In some distillation architectures for anomaly detection, the same architecture is used in some literature for both teacher and student networks [15]. Since neural networks are generalizable, the student network may be able to reconstruct the anomaly region features well, leading to reduced performance of the detection. Therefore, it needs to design a more suitable network. In addition, in order to match the feature channels of the two teacher intermediate layers, a student decoding network is designed to decode the feature maps from the low-dimensional features. The student decoding network is shown in Figure 2.
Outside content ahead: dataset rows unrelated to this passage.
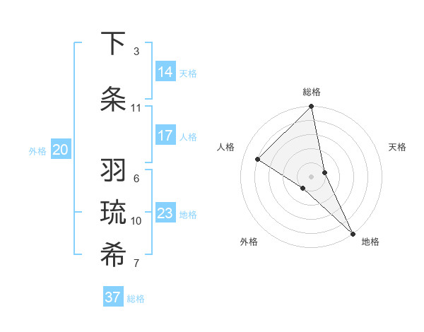 下条 羽琉希さんを姓名の画数から五運を鑑定
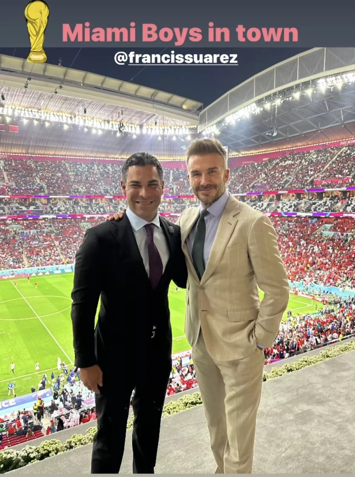 On Instagram, Beckham posted a photo of himself and Suarez (whom he tagged), the pair dressed to the nines with the Al Bayt Stadium stands in the background beneath the caption, “Miami Boys in town.”
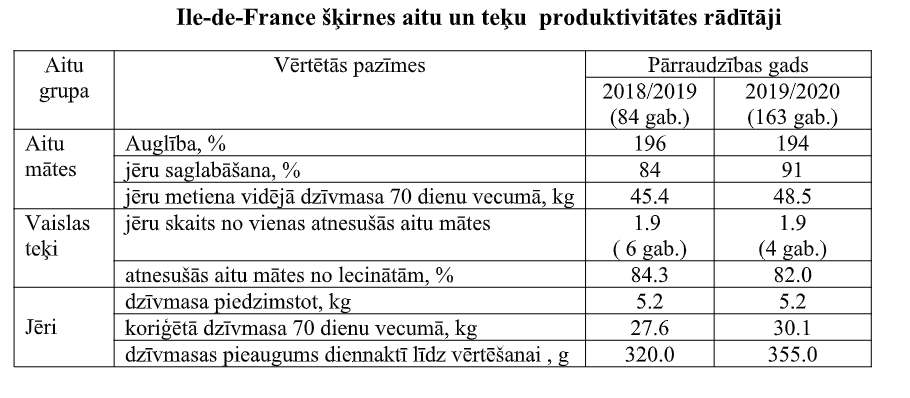 Ile de France ir šķirne ar milzīgu potenciālu un iespējām, ko noteikti vēl neesam pilnībā izmantojuši arī savā saimniecībā. Bet, analizējot rezultātus un salīdzinot visas Latvijā audzētās gaļas šķirnes, redzam Ile de France šķirnes lielo potenciālu un labus ekonomiskos rādītājus – iegūtais un saglabātais jēru skaits no vienas aitu mātes un to iespējami ātrāka realizācija, ir saimniekošanas ekonomiskais pamats, realizējot jērus gaļas tirgū.
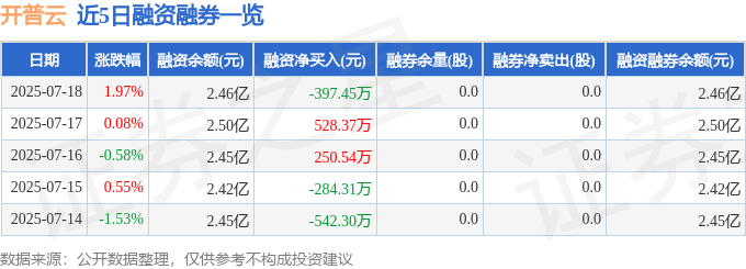 开普云融资融券信息显示,融资方面,当日融资买入3113.45万元,融资偿还3510.9万元,融资净偿还397.45万元。融券方面,融券卖出0.0股,融券偿还0.0股,融券余量0.0股,融券余额0.0万元。融资融券余额2.46亿元。
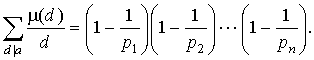 Пример 3. Функция Мебиуса. Функция Мебиуса m ( a ) - это мультипликативная функция, определяемая следующим образом: если p - простое число, то m ( p ) = -1; m ( p a ) = 0, при a > 1; на остальных натуральных числах функция доопределяется по мультипликативности. ![]() Таким образом, если число a делится на квадрат натурального числа, отличный от единицы, то m ( a ) = 0; если же a = p 1 p 2· · · p n (теоретик-числовик сказал бы на своем жаргоне: "если a свободно от квадратов"), то m ( a ) = (-1) k , где k - число различных простых делителей a . Понятно, что m (1) = (-1) 0 = 1, как и должно быть. Лемма 1. Пусть q ( a ) - произвольная мультипликативная функция,

Motivated by the residual connection block in ResNet [41], we adopt it to fuse different scales of feature maps in the basic block (see Figure 2b). In the basic block, one branch is composed of a 4 × 4 deconvolution(ConvTranspose2d) layer and a BatchNorm layer, which aims to better preserve the original features. The other branch mainly consists of a 3 × 3 convolution and a 4 × 4 deconvolution(ConvTranspose2d). The 3 × 3 convolution is followed by a BatchNorm layer and a Relu layer, changing the input channels to match the number of output channels of the teacher network. The 4 × 4 deconvolution(ConvTranspose2d) is to change the size of the feature map to match the size of the feature map of the teacher network. Finally, the two branches are summed and outputted by the Relu activation layer.

The student decoder module(see Figure 2a) is the same as the teacher network. There are three layers in total, and it is an inverse structure. The D3 module consists of a basic block and a 1 × 1 convolutional layer, followed by a BatchNorm layer and a Relu layer. The purpose of the 1 × 1 convolution is mainly to change the input channel to match the output channel of the corresponding teacher network. The D2 and D1 modules are both composed of the basic block.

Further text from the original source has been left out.